EXERCISE REQUIREMENTS >>
From the first line of the material below through the line containing "Step 3. 찾고자", print every line exactly as it stands, but no pictures.

################

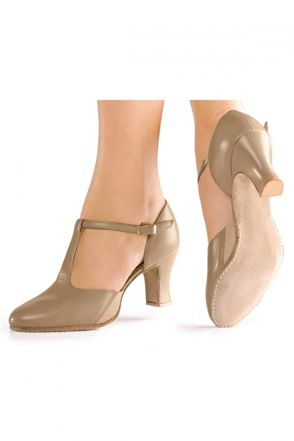 The CH57 classic ladies' character shoes from So Danca. With a T-bar strap to secure the foot and elastic gussets around a cushioned lining, these character shoes deliver supreme comfort and a secure fit. Featuring high quality leather uppers and a 2.5 inch heel over non-slip suede soles, these timeless character shoes make the perfect choice for performances and auditions.
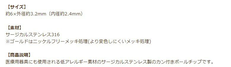 医療用器具にも使用される低アレルギー素材のサージカルステンレス製のカン付きボールチップです。
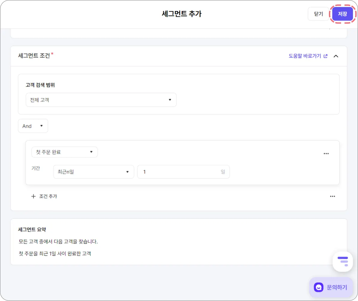 Step 3. 찾고자 하는 고객들의 검색 범위와 조건을 설정 후 오른쪽 상단 저장을 클릭합니다.
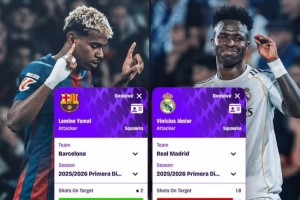 體育資訊10月25日訊 皇馬和巴薩將在本輪西甲焦點對決,數(shù)據(jù)機(jī)構(gòu)squakwa對比了亞馬爾與維尼修斯在2025/26賽季西甲關(guān)鍵數(shù)據(jù)(加粗項為優(yōu)勢數(shù)據(jù)):
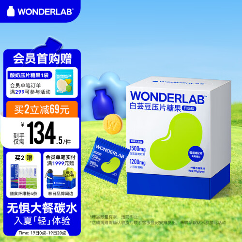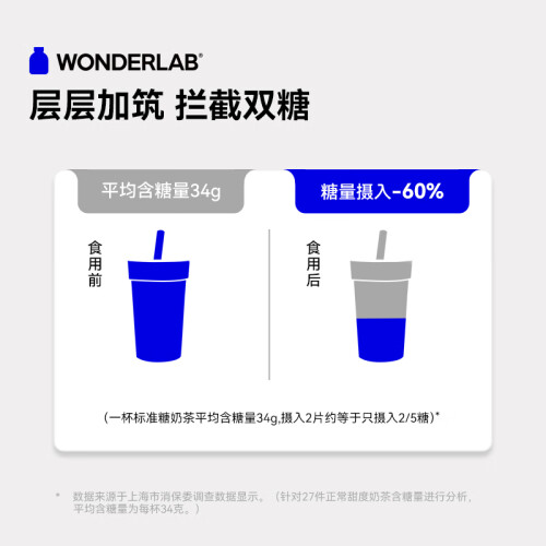 WONDERLAB是由一群营养美妆界的极客创立的代餐品牌,以科学态度大胆探索美丽时尚前沿,为年轻的爱美精英研创新营养美学。隶属于深圳精准健康食物科技有限公司。本产品含有:白芸豆提取物,拦截66%的淀粉,桑叶提取物,拦截双糖。马铃薯提取物使得饱腹感明显提升。海藻粉拦截脂肪,绿咖啡粉助力脂肪分解。浓缩成分,一撕即食。建议餐前半小时,每次2片咀嚼食用,每日食用不超过6片。
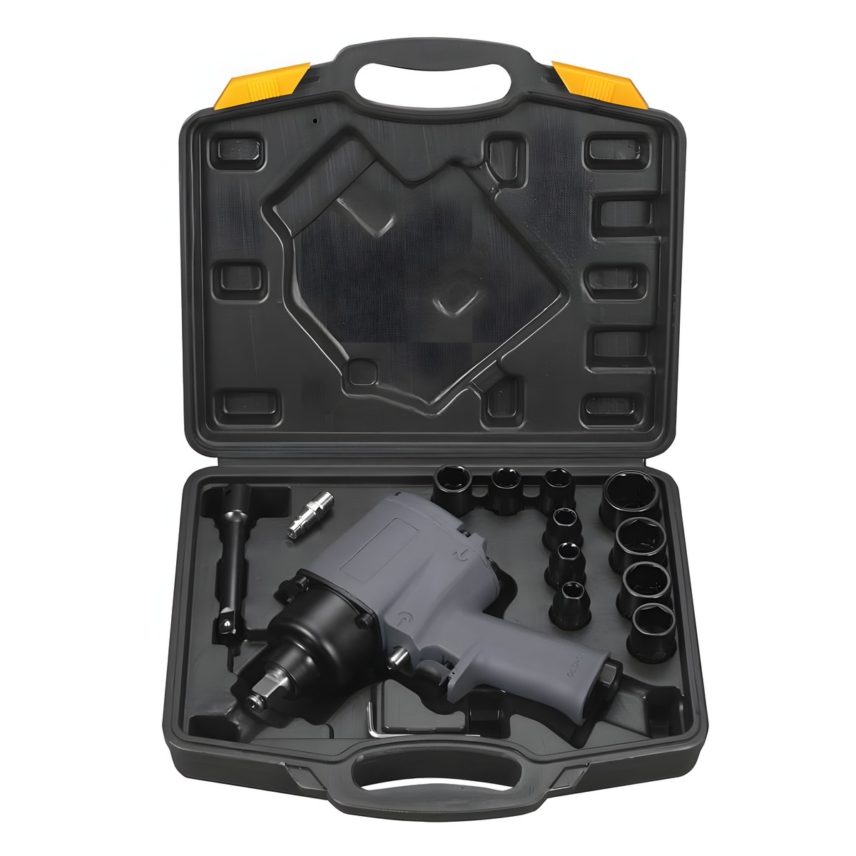 В комплект набора входят: кейс, набор головкок: 9, 10, 11, 13, 14, 17, 19, 22, 24, 27 мм, удлинитель 1/2" 125мм
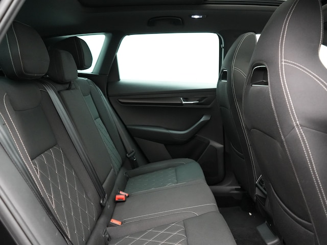 Hij zorgt voor een ontspannen rijervaring, deze ŠKODA Karoq. Het is een auto uit 2019, op de teller staat een kilometerstand van 97849. Hij heeft een benzinemotor en een automatische transmissie. In de verwarmbare voorstoelen zitten is elke keer een welkom gevoel. Zijwaartse g-krachten worden solide opgevangen door de sportstoelen. Volop licht en ruimtelijk gevoel geeft het elektrische bediende glazen panoramadak. Een handige voorziening op deze auto is de elektrische achterklep die u op afstand kunt openen. Bij de zeer complete uitrusting van deze auto behoren ook 19 inch lichtmetalen velgen, LED koplampen, donker getint glas achter, in delen neerklapbare achterbank, LED-achterlichten en verstelbare lendensteunen.
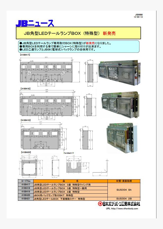 JB角型LEDテールランプ専用取付BOX(特殊型)が新発売になりました。
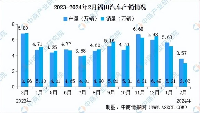 根据中商产业研究院数据库的数据,福田汽车2024年2月的汽车产量为3.57万辆,同比减少了31.88%。同时,其销量也下降了9.63%,达到3.02万辆。然而,在累计数据方面,福田汽车2024年2月的总产量同比增长了12.47%,达到了9.20万辆。此外,累计销量则同比下降了10.14%,达到了8.23万辆。
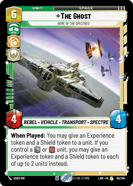 When Played: You may give an Experience token and a Shield token to a unit. If you control a [vigilance] or [aggression] unit, you may give an Experience token and a Shield token to each of up to 2 units instead.
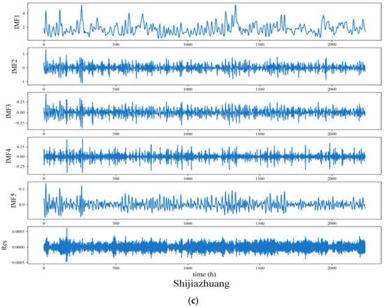 The historical wind speed datasets collected from three regions in China serve as the experimental dataset. These three regions are, respectively, located in Shijiazhuang, Hebei Province; Lanzhou, Gansu Province; and Nanjing, Jiangsu Province. Their latitudes and longitudes are significantly different. Lanzhou and Shijiazhuang are situated in the northwestern and northern inland regions, respectively, both possessing abundant wind energy resources. On the other hand, Nanjing is located in the southeastern coastal area and consistently ranks among the top in terms of offshore wind power installed capacity nationwide. The wind speed sequences from all three regions were measured at a height of ten meters above ground level at hourly intervals. The basic information of the three wind speed datasets is presented in Table 1.
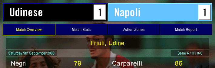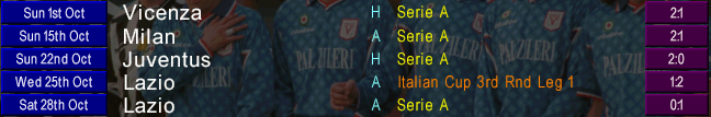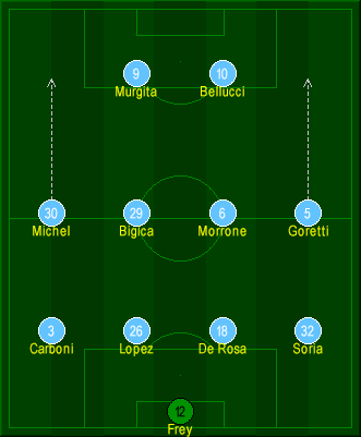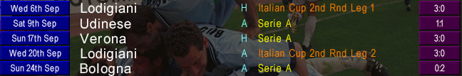 Meanwhile, we avoided another Coppa Italia upset by blowing Serie B Lodigiani away in Round 2. Bellucci scored twice as many goals in the first leg alone as he got in the entire 1999/2000 season. Much tougher tests would await in Round 3, as we were drawn against Lazio.
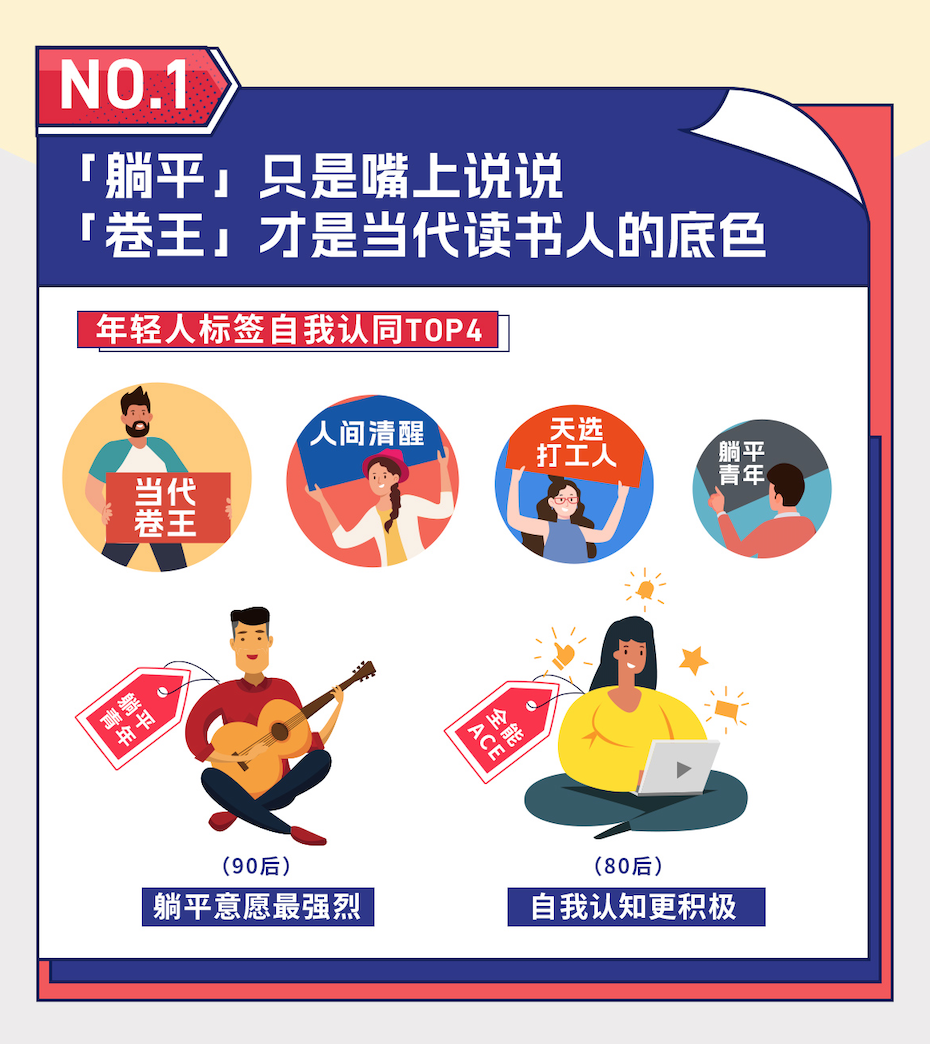 调研显示,年轻人自我认同TOP4标签为:当代卷王、人间清醒、天选打工人、躺平青年。
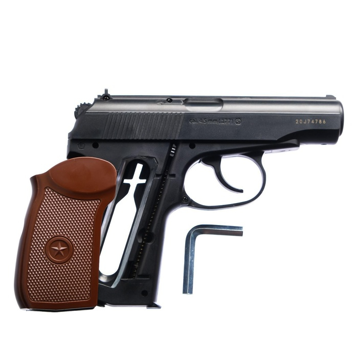 Пневматический пистолет Borner PM-X – это копия прославленного Макарова, предназначенная для тренировок начинающих стрелков и развлекательной стрельбы. Модификация является газобаллонной пневматикой, энергию пуле сообщает баллончик с углекислотой массой 12 грамм. Боеприпасы для этого пистолета – это шарики диаметром 4,5 мм, количество шариков в магазине – 16 единиц.
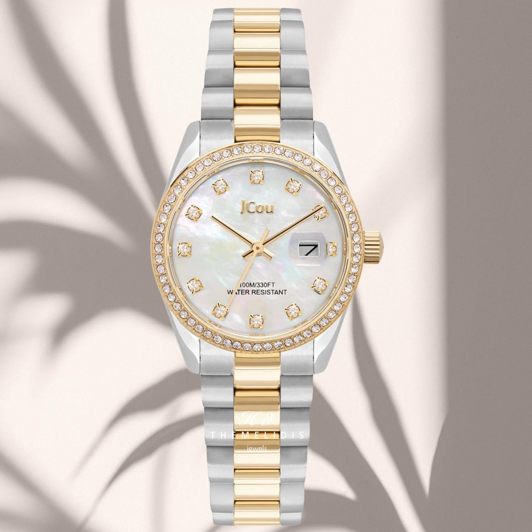 Γυναικείο ρολόι JCOU Iris JU19082-2 με χρυσό και ασημί ατσάλινο μπρασελέ και λευκό φίλντισι καντράν διαμέτρου 29mm, διακοσμημένο με λαμπερά ζιργκόν. Έχει τζάμάκι από ορυκτό κρύσταλλο ειδικής σκλήρυνσης, λειτουργεί με μηχανισμό μπαταρίας quartz και διαθέτει ένδειξη ημερομηνίας, ενώ είναι αδιάβροχο με στεγανότητα στα 100M/10ΑΤΜ που το καθιστά κατάλληλο για κολύμβηση.
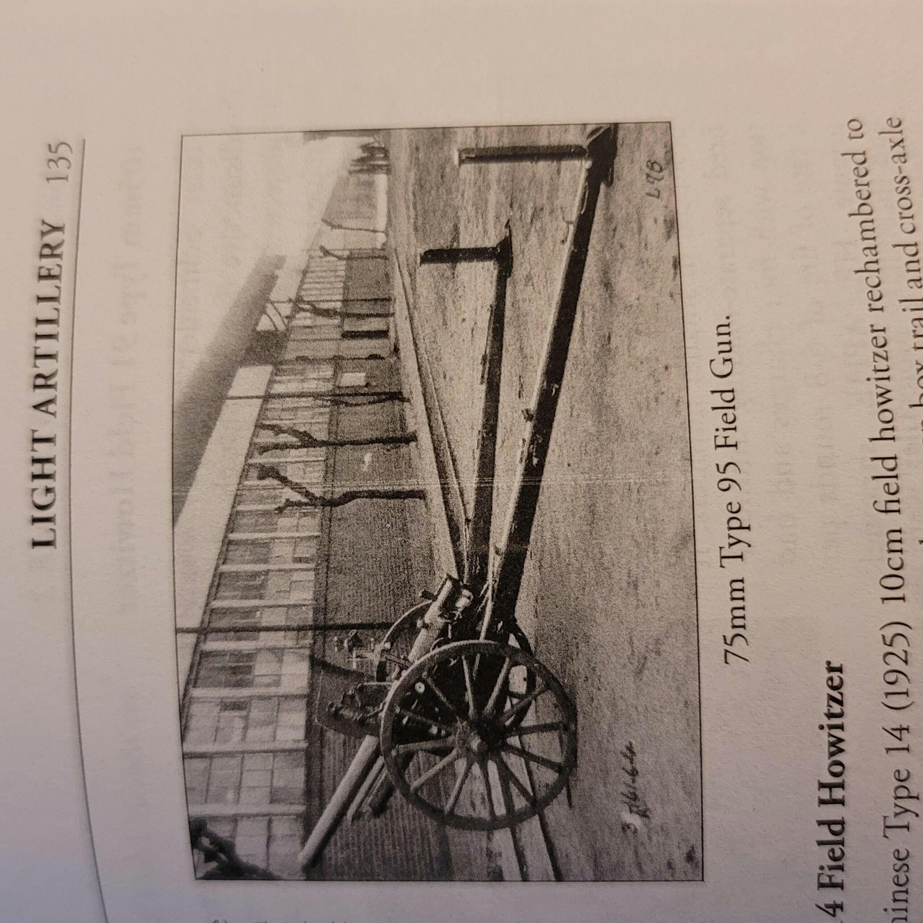 The gun looks much like a Japanese Type 94 75mm Mountain Gun except it is way too large. It more closely resembles a Type 95 75mm gun with shorter gun trails, perhaps to keep the model sturdy. Otherwise the gun is correct in appearance. Under 300 were made and used in China. Range was 9450 meters. The type 90 75mm out ranged it by 4000 meters.
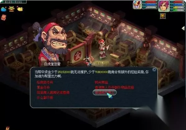 玄武堂的任务则呈现两极分化的特点,战斗任务要求玩家攻击敌对帮派的NPC或成员,战斗难度较高但帮贡回报丰厚。而内政任务如巡逻、训练守护兽等则相对轻松,适合等级较低或时间碎片化的休闲玩家,只是帮贡收益会略逊一筹。厢房任务作为帮派基础任务,堪称新手玩家的帮贡启蒙课。这类任务包含找人对话、简单战斗和收集少量物品等环节,战斗中的怪物强度较低,即使是刚入帮的新手也能轻松应对。虽然每轮任务只能获得约100帮贡,但胜在耗时短、无成本消耗,非常适合想要快速熟悉帮派系统的玩家。 而跑商任务则是帮贡与收益双收的经典玩法,玩家从帮派领取商票后,需要在长安、长寿、傲来等场景间低买高卖商品,通过赚取差价完成交票。根据交票金额不同,每次跑商通常能获得300-500帮贡,同时还能收获经验和游戏币奖励,不过这需要玩家熟悉各场景的商品物价波动规律,建议优先掌握长安、长寿的跑商路线。
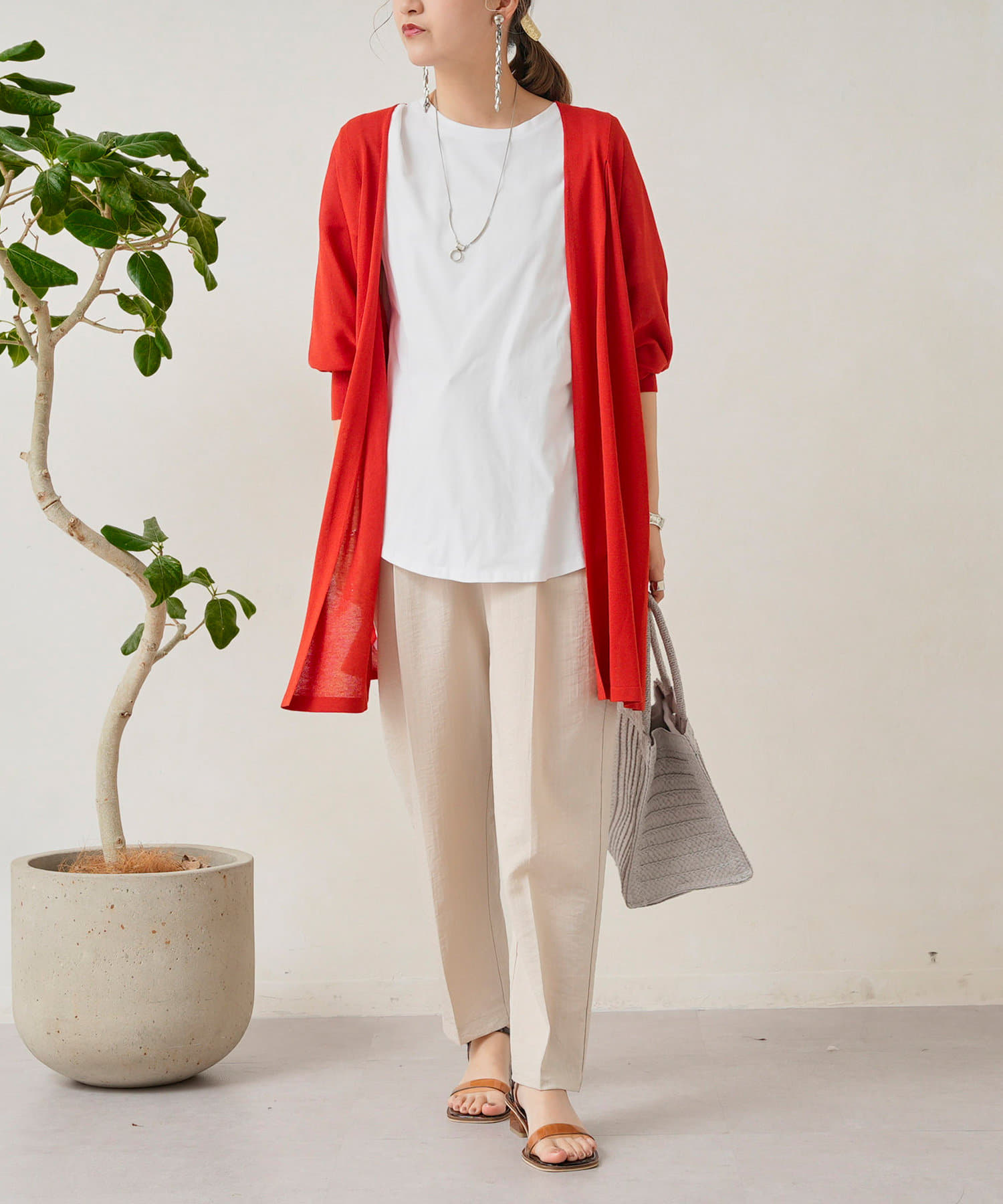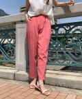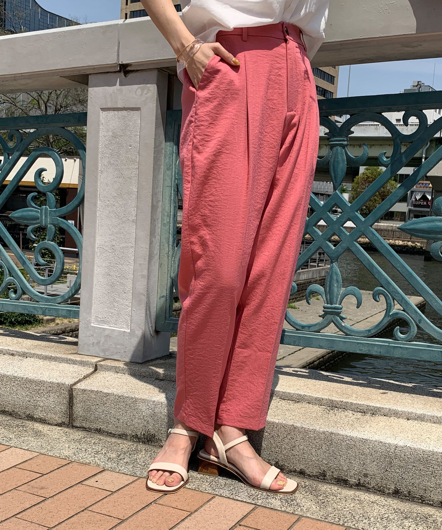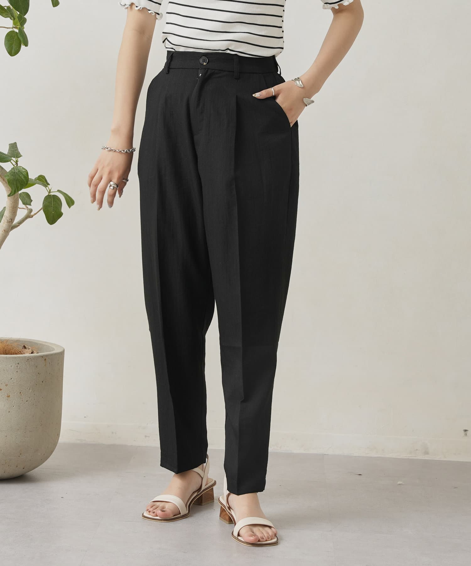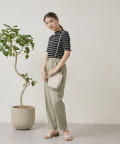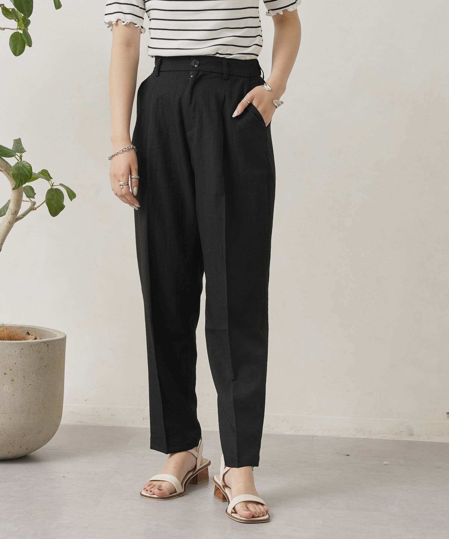 ・リネンタッチの生地が軽くてストレスフリーな履き心地。
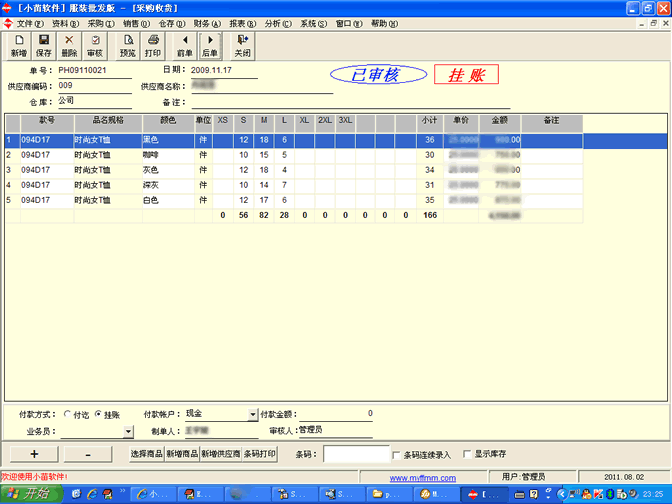 11、提供营销及财务两级审核过帐功能,有效控制物和钱流去向。
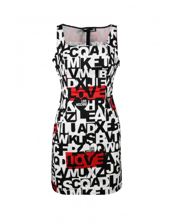 Brand: Love Moschino Gender: Women Type: Dresses Season: Spring/Summer PRODUCT DETAIL • Color: white • Pattern: print • Sleeves: sleeveless • Neckline: square neckline • Details: -short COMPOSITION AND MATERIAL • Composition: -97% cotton -3% elastane • Washing: machine wash at 30°
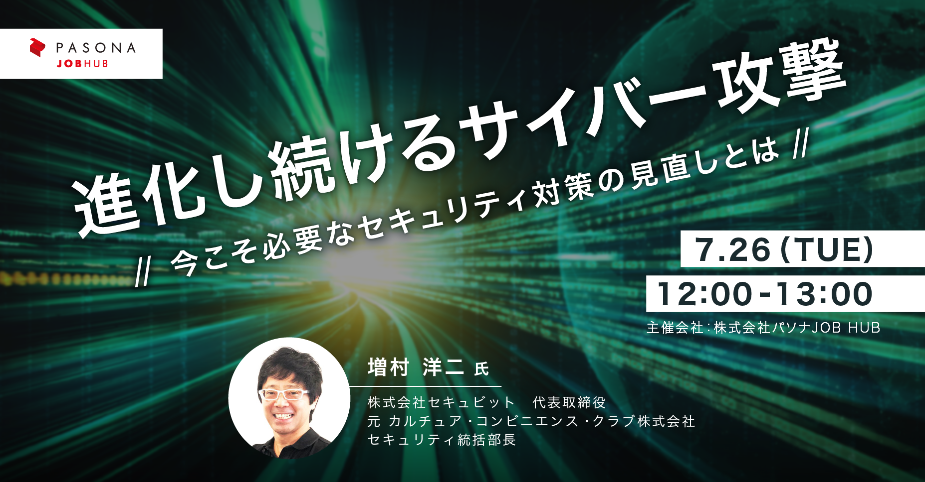 そこでこの度パソナJOB HUBが開催するオンラインセミナーでは、カルチュア・コンビニエンス・ クラブ株式会社をはじめ、大手企業にてセキュリティ部門の責任者を務め、現在は業種・業態問わず幅広い企業のセキュリティ支援を行う増村洋二氏が登壇。進化し続けるサイバー攻撃に耐えうるセキュリティ対策のポイントついて、分かりやすく解説いたします。

################

TASK SOLUTION >>
 The CH57 classic ladies' character shoes from So Danca. With a T-bar strap to secure the foot and elastic gussets around a cushioned lining, these character shoes deliver supreme comfort and a secure fit. Featuring high quality leather uppers and a 2.5 inch heel over non-slip suede soles, these timeless character shoes make the perfect choice for performances and auditions.
 医療用器具にも使用される低アレルギー素材のサージカルステンレス製のカン付きボールチップです。
 Step 3. 찾고자 하는 고객들의 검색 범위와 조건을 설정 후 오른쪽 상단 저장을 클릭합니다.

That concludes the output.